This project aims to develop a robust deep learning framework for the automated screening of oral cancer using whole slide cytology images. The overarching goal is to improve early detection of malignancies through advanced representation learning and anomaly detection.
In the initial phase, the project extends prior work focused on representation learning in brightfield whole slide images to better pre-train our classifiers. The approach emphasizes handling class imbalance, refining evaluation metrics, and tuning model parameters to maximize classification performance. The framework incorporates both weak supervised contrastive learning (SupCon) approaches, and self-supervised contrastive learning (SimCLR).

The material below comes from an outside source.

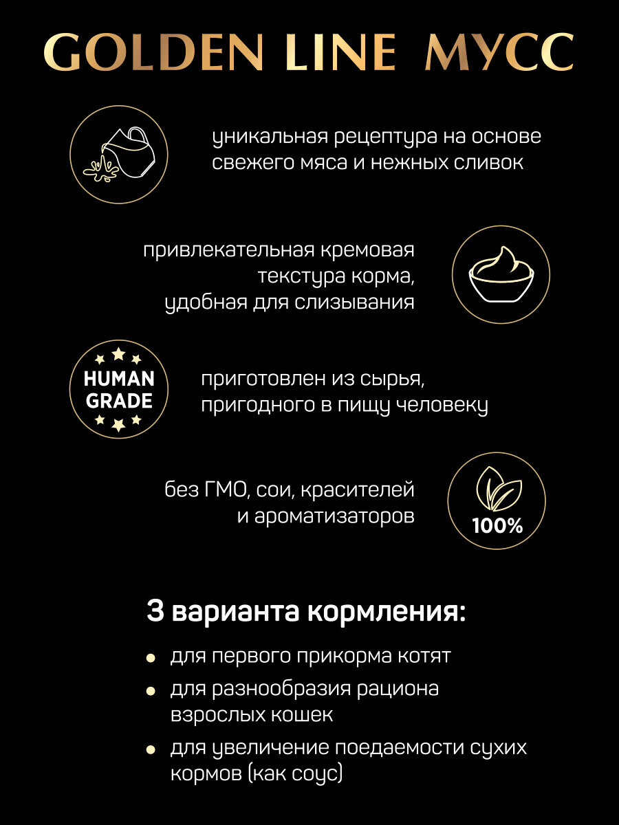 Четвероногий гурман Golden Line мусс сливочный для кошек и котят с индейкой, 24 шт по 100 г

Once the Encoder is trained, we want to evaluate different Multi-Instance Learning (MIL) approaches to train a final classifier. The proposed pipeline will be validated on large-scale whole slide image datasets, including synthetic variations generated through advanced generative modeling techniques. These synthetic datasets will help address limitations in annotated data, support data augmentation, and improve domain generalization across patient cohorts and slide preparation conditions.
The final outcome of this project will be a suite of deep learning tools for cytology image analysis, contributing to faster, more accurate, and reproducible screening of oral cancer. Results will be disseminated through high-impact journal publications and integrated into the PhD thesis, ultimately supporting translational efforts toward AI-assisted cancer diagnostics.